* [EXERCISE] Leave out the pictures and repeat every record exactly.

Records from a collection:
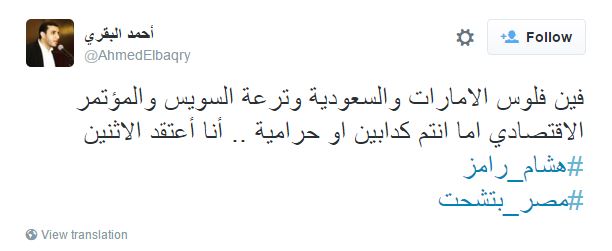 دشن عدد من رواد مواقع التواصل الاجتماعي هاشتاجا باسم “هشام رامز”، بعد استقالته من منصب محافظ البنك المركزي، وتعيين طارق عامر رئيس البنك الأهلي السابق، في منصبه بقرار من عبد الفتاح السيسي.
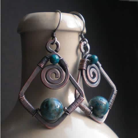 Etniczne kolczyki wykonane z oksydowanej miedzi, ręcznie zwijanej i młotkowanej, 10mm kulek Agatu Larimar o naturalnej chropowatej powierzchni, 4mm kulek Chryzokoli oraz srebrnych oksydowanych bigli ze sprężynką z miedzi. Kolczyki mają długość ok 5,5cm.
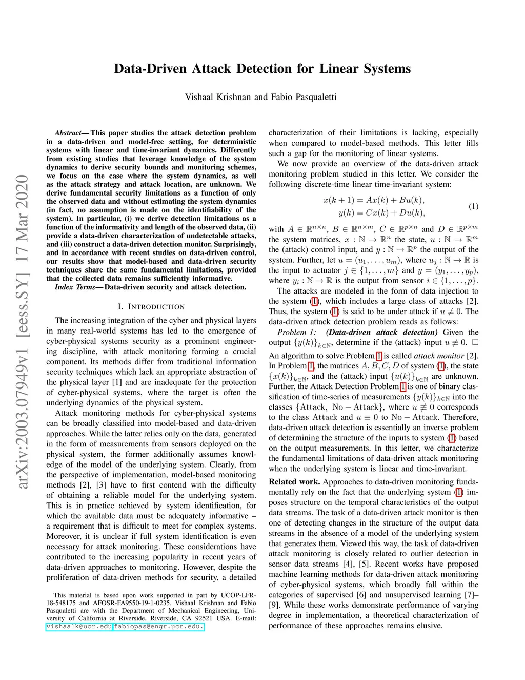 Data-Driven Attack Detection for Linear Systems
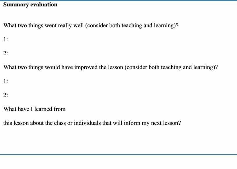 Were the lesson objectives/learning objectives realistic? Did all learners achieve the LO? If not, why? Did my planned differentiation work well? Did I stick to timings? What changes did I make from my plan and why?
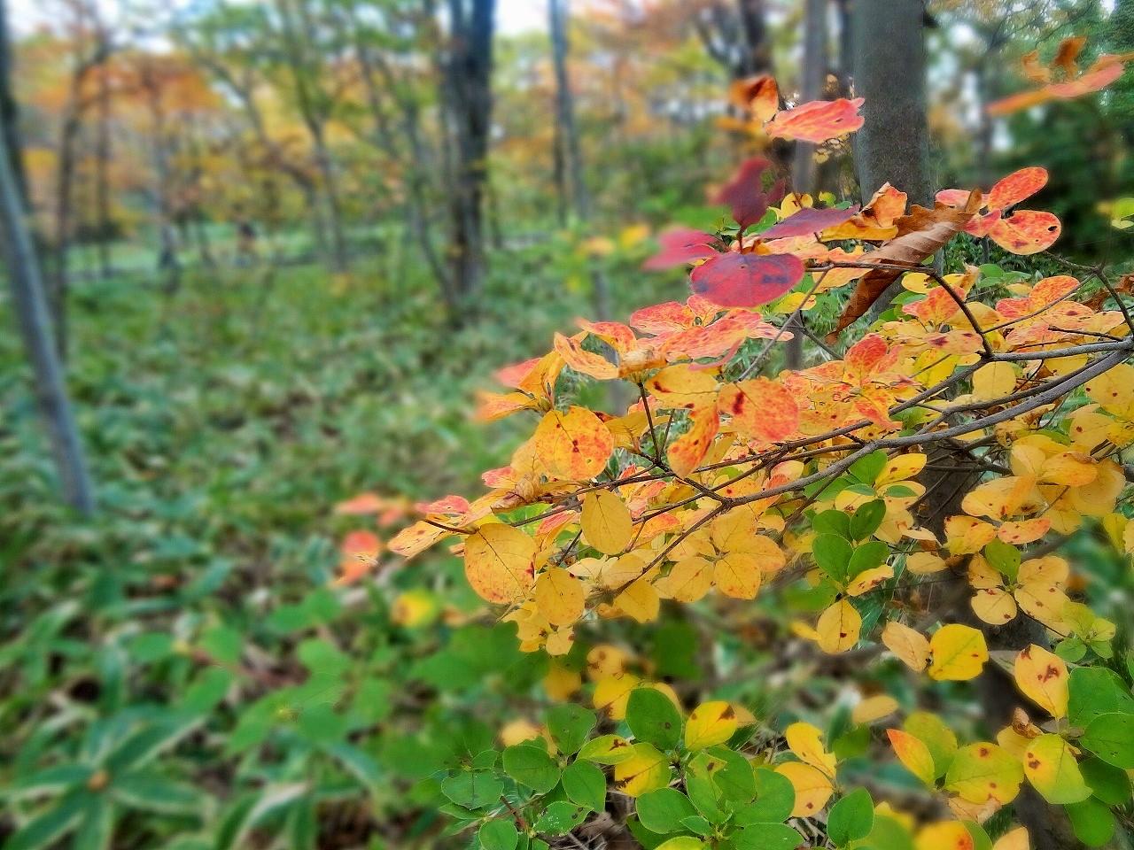足元には赤色や茶色の落ち葉が広がっています。 -
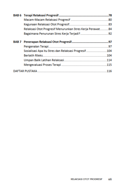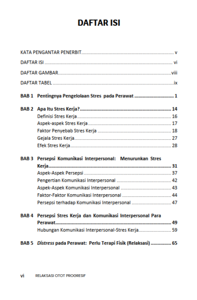 Berikut Daftar Isi Buku Keperawatan yang berjudul Buku Relaksasi Otot Progresif: Solusi Efektif untuk Mengatasi Stres Pada Perawat, diantaranya:
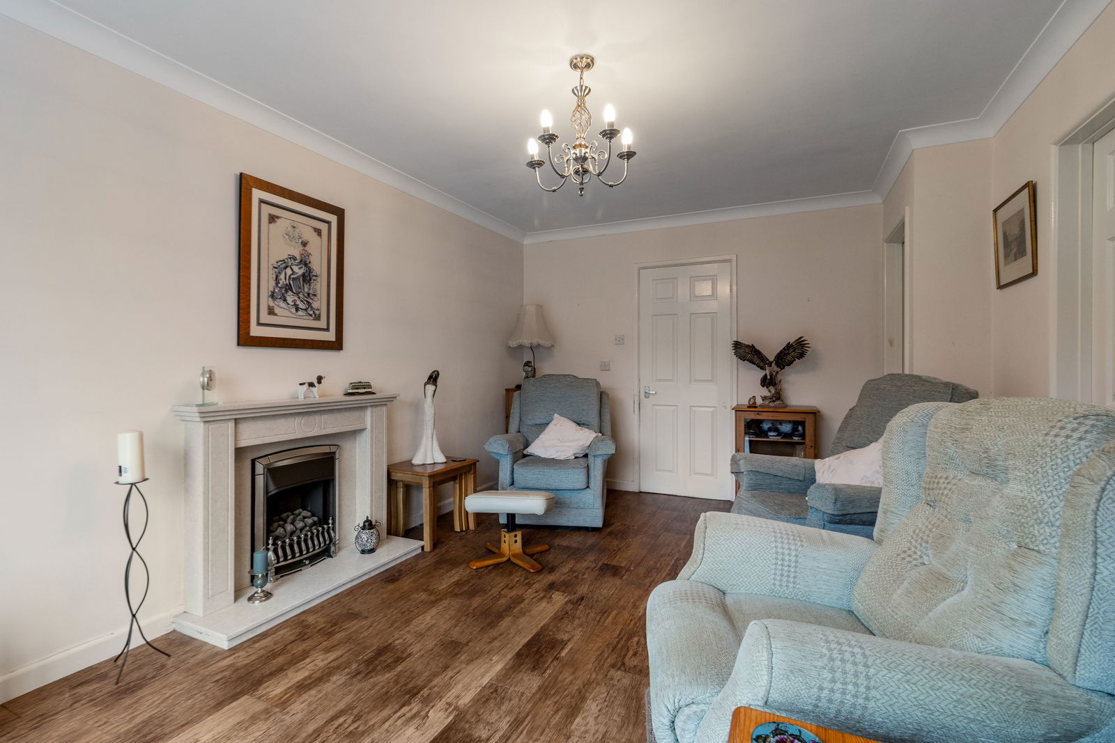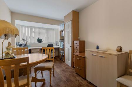 Originally an integral garage but now converted into a useful reception room. With double radiator. Fitted cupboard. Large fitted desktop and drawers. Wood effect flooring. Double glazed window to front.

* [SOLUTION]
 دشن عدد من رواد مواقع التواصل الاجتماعي هاشتاجا باسم “هشام رامز”، بعد استقالته من منصب محافظ البنك المركزي، وتعيين طارق عامر رئيس البنك الأهلي السابق، في منصبه بقرار من عبد الفتاح السيسي.
 Etniczne kolczyki wykonane z oksydowanej miedzi, ręcznie zwijanej i młotkowanej, 10mm kulek Agatu Larimar o naturalnej chropowatej powierzchni, 4mm kulek Chryzokoli oraz srebrnych oksydowanych bigli ze sprężynką z miedzi. Kolczyki mają długość ok 5,5cm.
 Data-Driven Attack Detection for Linear Systems
 Were the lesson objectives/learning objectives realistic? Did all learners achieve the LO? If not, why? Did my planned differentiation work well? Did I stick to timings? What changes did I make from my plan and why?
足元には赤色や茶色の落ち葉が広がっています。 -
 Berikut Daftar Isi Buku Keperawatan yang berjudul Buku Relaksasi Otot Progresif: Solusi Efektif untuk Mengatasi Stres Pada Perawat, diantaranya:
 Originally an integral garage but now converted into a useful reception room. With double radiator. Fitted cupboard. Large fitted desktop and drawers. Wood effect flooring. Double glazed window to front.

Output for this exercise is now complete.